▶ _WHAT IS REQUIRED_
All of the data should be repeated exactly; pictures are not part of the copy.

===== DATA SECTION =====

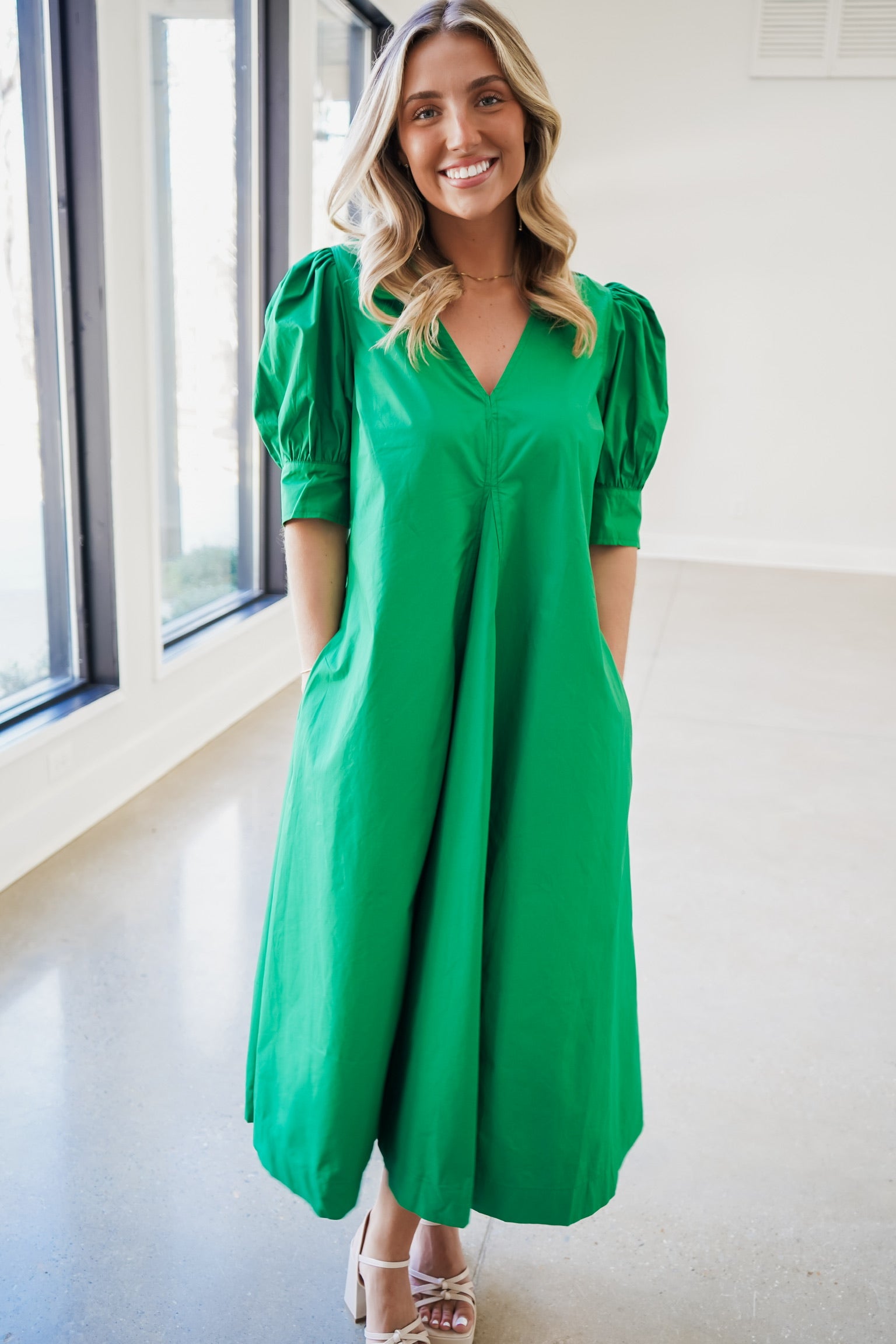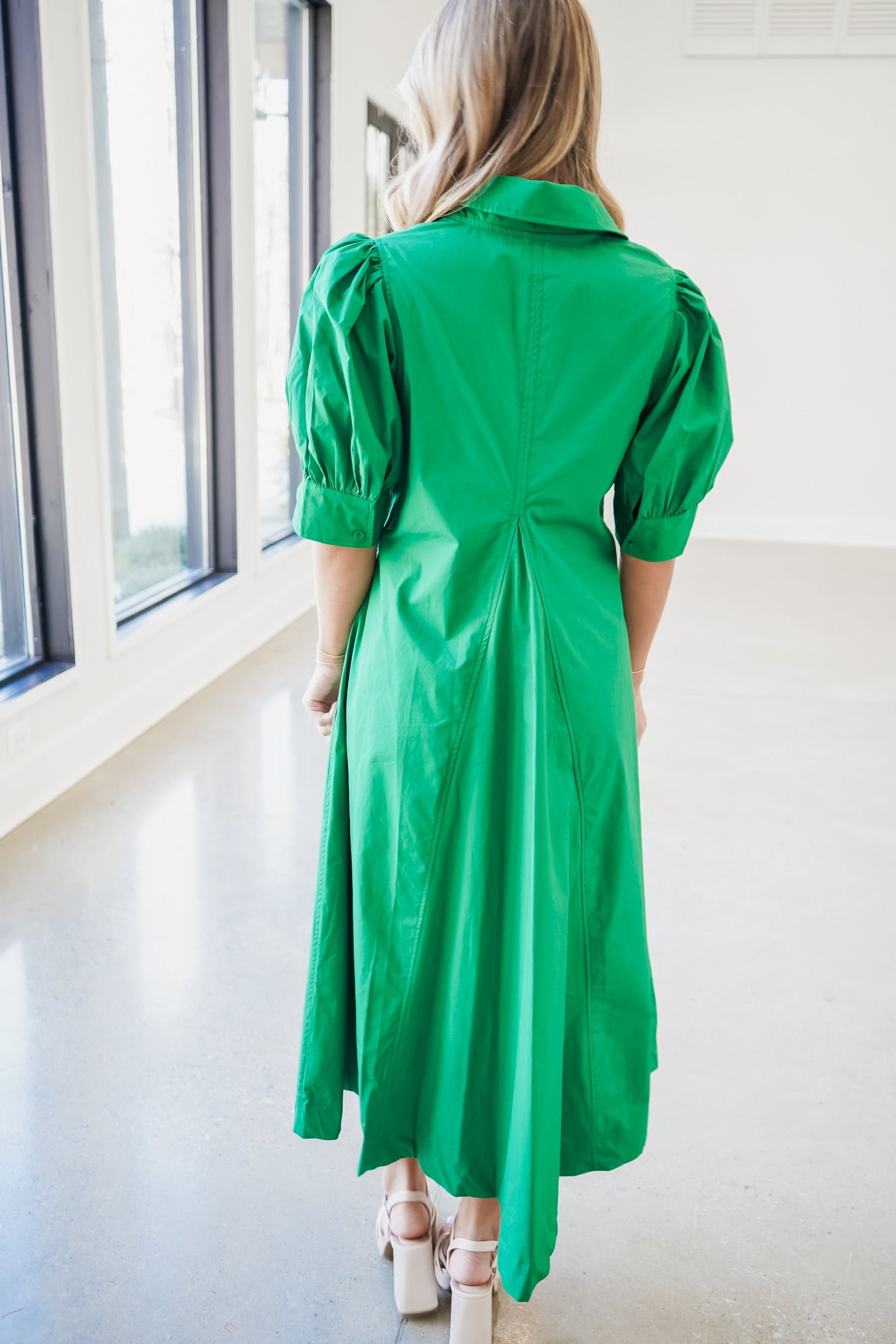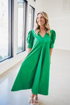 Elevate your everyday wardrobe with this sophisticated midi dress, crafted from crisp solid poplin fabric. The refined silhouette features a flattering v-neckline with a structured collar, while cuffed puff short sleeves add a contemporary touch. Perfect for transitional seasons, this versatile piece transitions seamlessly from office to weekend gatherings. The midi length provides elegant coverage while maintaining a modern aesthetic. An essential investment for those seeking polished, timeless style.
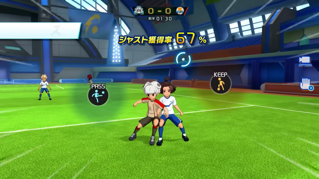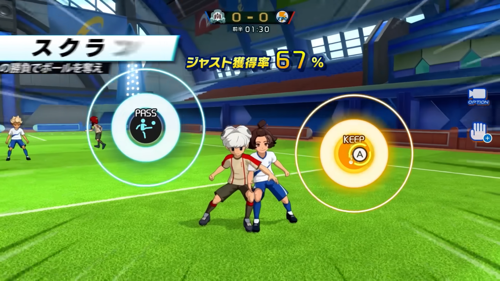 Le mode « Scramble » est quant à lui beaucoup situationnel, ne concernant que les confrontations où deux joueurs tentent de recevoir/intercepter une passe en même temps. Dans les premiers jeux, lorsque cela arrivait, une cinématique montrant l’affrontement était jouée, et le résultat était décidé aléatoirement : soit la balle était interceptée et conservée par un des joueurs, soit elle était redirigée d’un coup de tête. Avec ce nouveau mode, il sera possible de choisir une action plutôt que de laisser le jeu décider pour nous. Il faudra déplacer un curseur vers l’icône de l’action voulue : passer la balle à un allié (« PASS »), ou la conserver (« KEEP »). En plus de devoir être sélectionnées en un temps limité, les icônes sont en mouvement, et doivent être confirmées avec le bon timing (lorsque les deux cercles s’alignent) ; il faudra donc être très réactif et précis pour remporter ces confrontations. Il y aura également une part de chance : dans l’exemple de la vidéo, le joueur contrôlant Kisoji n’a que 67% de voir l’action choisie réussir. Cette probabilité dépend probablement de la puissance des personnages, comme pour les autres types de confrontation.
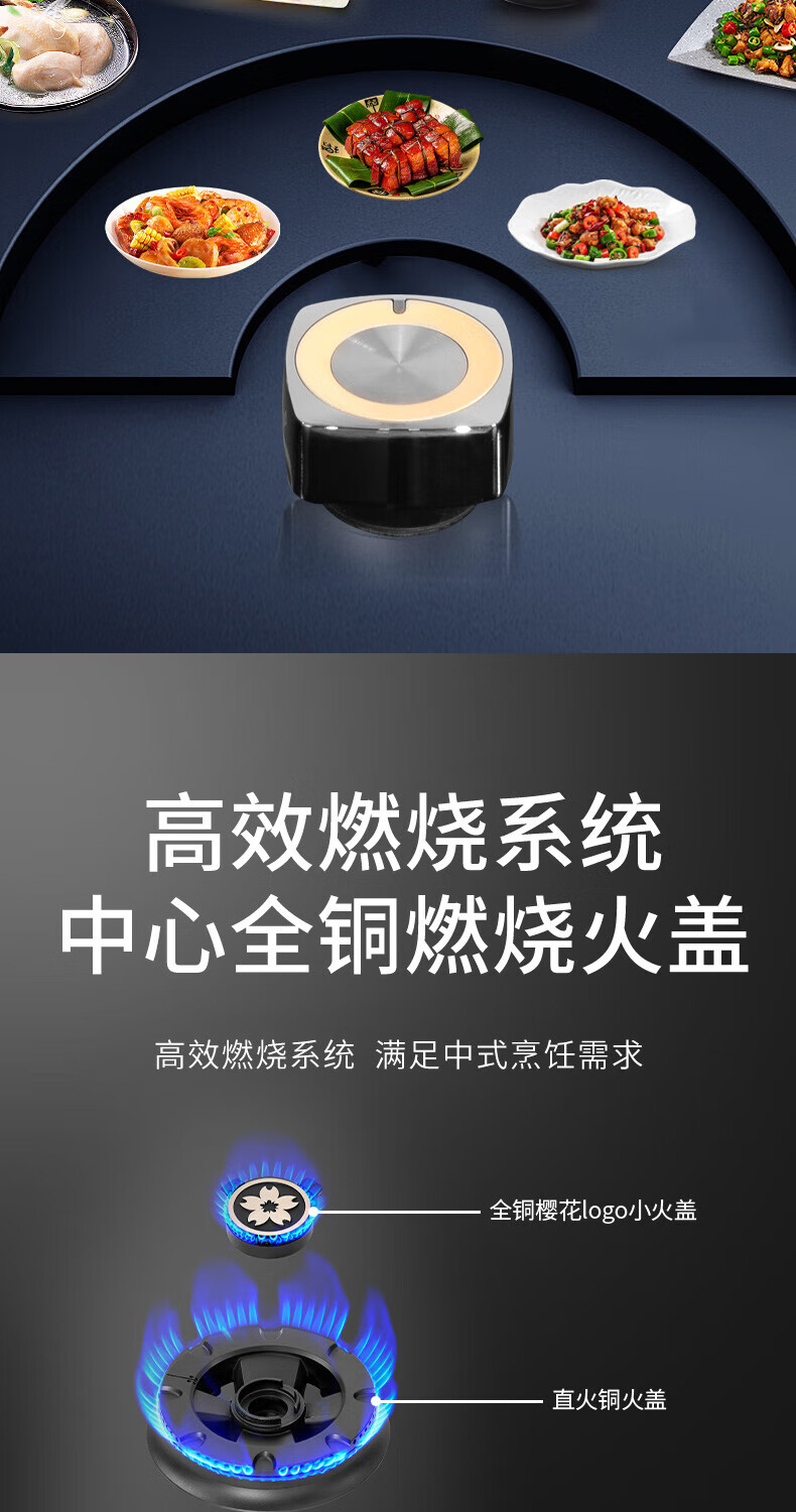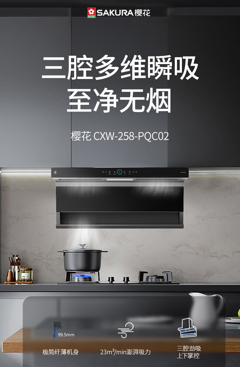 家用电器  > 厨卫大电  > 油烟机  >  樱花/SAKURA  >  樱花(SAKURA)顶侧三腔多维瞬吸23m³/min大风量橱柜齐平5.2KW钢化玻璃灶PQC02+JGE06天然气【套装商品】 CXW-258-PQC02/台

=====

▶ _REPLY_
 Elevate your everyday wardrobe with this sophisticated midi dress, crafted from crisp solid poplin fabric. The refined silhouette features a flattering v-neckline with a structured collar, while cuffed puff short sleeves add a contemporary touch. Perfect for transitional seasons, this versatile piece transitions seamlessly from office to weekend gatherings. The midi length provides elegant coverage while maintaining a modern aesthetic. An essential investment for those seeking polished, timeless style.
 Le mode « Scramble » est quant à lui beaucoup situationnel, ne concernant que les confrontations où deux joueurs tentent de recevoir/intercepter une passe en même temps. Dans les premiers jeux, lorsque cela arrivait, une cinématique montrant l’affrontement était jouée, et le résultat était décidé aléatoirement : soit la balle était interceptée et conservée par un des joueurs, soit elle était redirigée d’un coup de tête. Avec ce nouveau mode, il sera possible de choisir une action plutôt que de laisser le jeu décider pour nous. Il faudra déplacer un curseur vers l’icône de l’action voulue : passer la balle à un allié (« PASS »), ou la conserver (« KEEP »). En plus de devoir être sélectionnées en un temps limité, les icônes sont en mouvement, et doivent être confirmées avec le bon timing (lorsque les deux cercles s’alignent) ; il faudra donc être très réactif et précis pour remporter ces confrontations. Il y aura également une part de chance : dans l’exemple de la vidéo, le joueur contrôlant Kisoji n’a que 67% de voir l’action choisie réussir. Cette probabilité dépend probablement de la puissance des personnages, comme pour les autres types de confrontation.
 家用电器  > 厨卫大电  > 油烟机  >  樱花/SAKURA  >  樱花(SAKURA)顶侧三腔多维瞬吸23m³/min大风量橱柜齐平5.2KW钢化玻璃灶PQC02+JGE06天然气【套装商品】 CXW-258-PQC02/台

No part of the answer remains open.